A mixture of chalcone (0.004 mol), and thiourea (0.009 mol) in DMF (15 mL) was refluxed at 80 °C for 12 h in the presence of few drops of HCl. The progress of the reaction was monitored by TLC. After the completion of reaction, the reaction mixture was poured into ice water to give a precipitate that was filtered off and purified by column chromatography (40:50, diethyl ether-petroleum ether). The solid obtained was crystallized from ethanol. Yield: 77.6%; m.p. 166 °C; Anal. calc. for C₂₆H₂₂N₄S₄: C, 60.20, H, 4.27, N, 10.80, Found: C, 60.17, H, 4.23, N, 10.76; GC-MS m/z (rel. int.%): 520 (56) [M+1]⁺; IR (KBr) v_max cm^-1: 2,960 (Ar-H), 1,651 (C=C), 1,590 (C=N), 1,134 (C-N), 678 (C-S); ¹H-NMR (DMSO-d₆) (δ/ppm): 7.75 (dd, 2H, Ar-H), 7.58 (dd, 2H, Ar-H), 7.51 (s, 2H, thiophene-H), 7.23 (s, 2H, Ar-Pym) 3.37 (s, 2H, SH), 2.58 (s, CH₃), 2.36 (s, CH₃); ¹³C-NMR (DMSO-d6) (δ/ppm): 184.93 (SH-C=N), 149.70, 145.61, 144.21, 142.80, 136.21, 134.74 (Ar-C), 14.57, 14.47 (CH₃).
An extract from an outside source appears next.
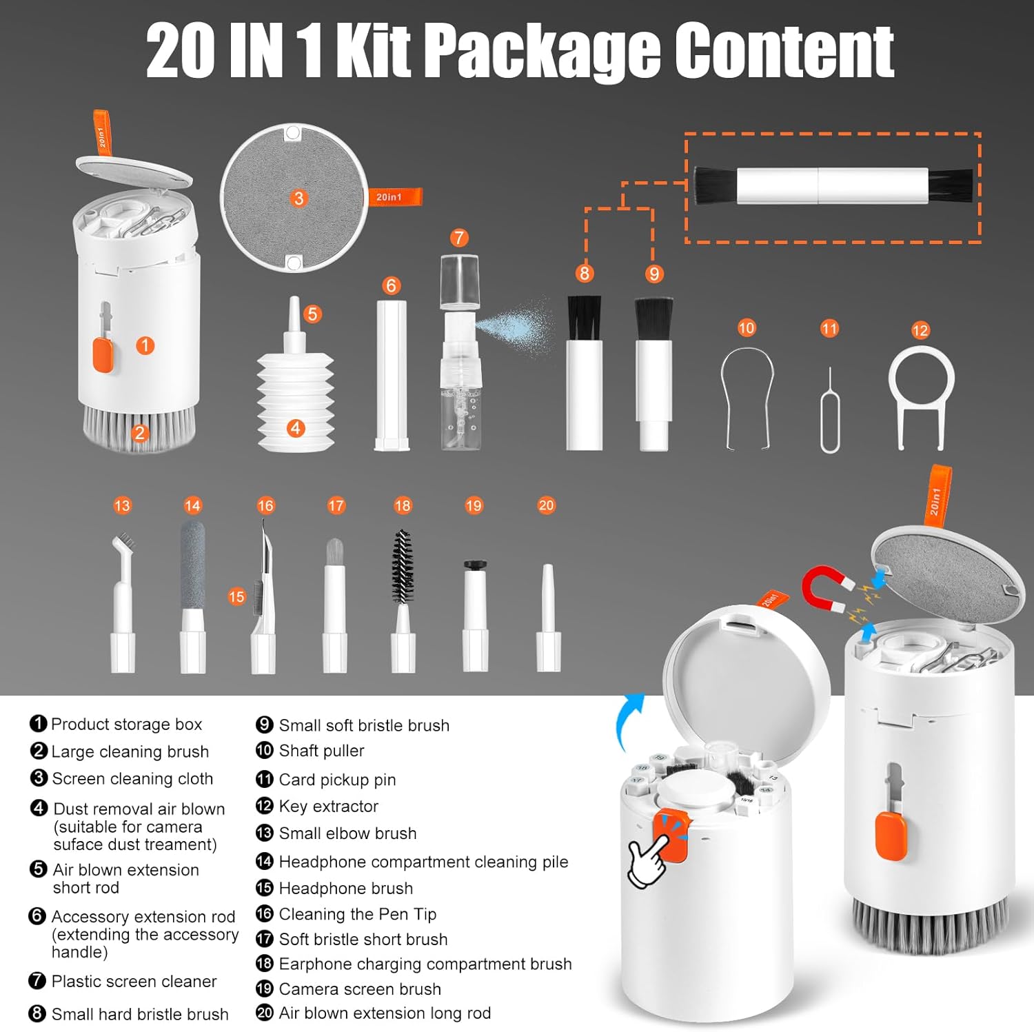 - 2 Pack 20 in 1 Keyboard Screen Cleaner Kit: One of computer cleaning kit includes an Airpod cleaner pen, flocking sponge, mini soft brush, len brush, earphone case cleaning brush, and camera brush (All these brushes with the help of an extension rod which could use easier), screen cleaner spray, microfiber fiber cloth of the lid, retractable keyboard brush, keycap puller, shaft puller, air blower with 2 rods for extending, dual head brush (hard and soft bristle brush), card pickup pin.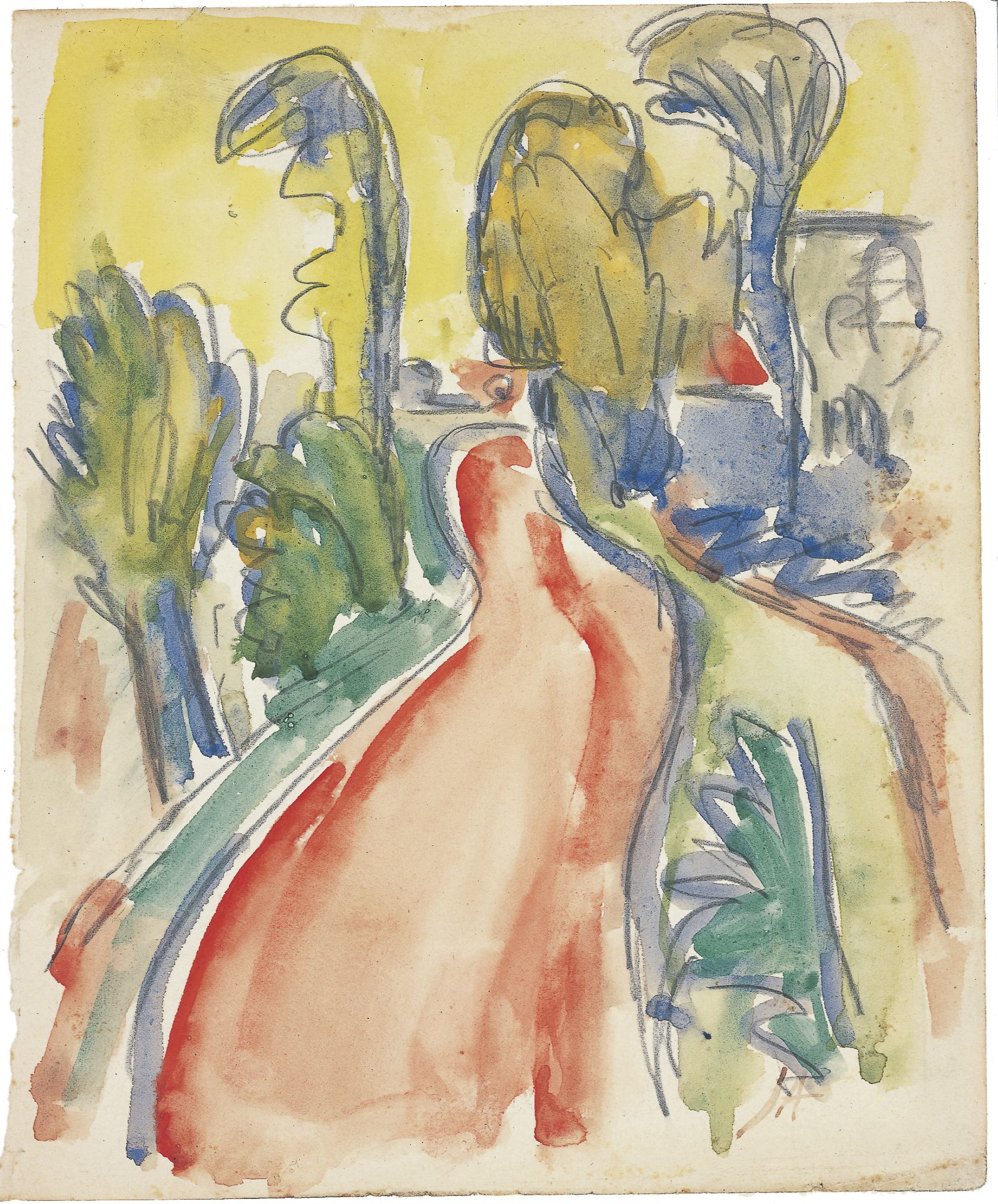 Jan Altink kunstwerk • aquarel • tekening • voorheen te koop Rode weg tussen bomen

3.6. Organism culture and in vitro screening

Anti-bacterial activity was tested by the disk diffusion method with minor modifications. S. aureus, S. pyogenes, S. typhimurium and E. coli were subcultured in BHI medium and incubated for 18 h at 37 °C, and then the bacterial cells were suspended, according to the McFarland protocol, in saline solution to produce a suspension of about 10^-5 CFU mL^-1: 10 μL of this suspension was mixed with 10 mL of sterile antibiotic agar at 40 ºC and poured onto an agar plate in a laminar flow cabinet. Five paper disks (6.0 mm diameter) were fixed onto the nutrient agar plate. One mg of each test compound was dissolved in 100 μL DMSO to prepare stock solution from stock solution different concentration 10, 20, 25, 50, and 100 μg/μL of each test compound were prepared. These compounds of different concentration were poured over disk plate on to it. Chloramphenicol (30 μg/disk) was used as standard drug (positive control). A DMSO poured disk was used as negative control. The susceptibility of the bacteria to the test compounds was determined by the formation of an inhibitory zone after 18 h of incubation at 36 °C. Table 1 reports the inhibition zones (mm) of each compound and the controls. The minimum inhibitory concentration (MIC) was evaluated by the macro dilution test using standard inoculums of 10^-5 CFL mL^-1. Serial dilutions of the test compounds, previously dissolved in dimethyl sulfoxide (DMSO) were prepared to final concentrations of 512, 256, 128, 64, 32, 16, 8, 4, 2 and 1 μg/mL. To each tube was added 100 μL of a 24 h old inoculum. The MIC, defined as the lowest concentration of the test compound which inhibits the visible growth after 18 h, was determined visually after incubation for 18 h, at 37 °C, and the results are presented in Table 2. Tests using DMSO and chloramphenicol as negative and positive controls were also perfomed.

4. Conclusions

A chalcone was prepared by the reaction of terephthalaldehyde with 3-acetyl-2,5-dimethyl-thiophene. Treatment of this chalcone with thiosemicarbazide/phenyl hydrazine/guanidine hydrochloride/thiourea afforded the corresponding pyrazoline, pyrazole and pyrimidine in good yields. The anti-bacterial activity of these compounds was examined using bacterial cultures and the results showed that the pyrazoline and pyrimidine showed increased antibacterial activity. Among the five compounds the pyrazoline derivative showed better anti-bacterial activity than the control drug chloramphenicol.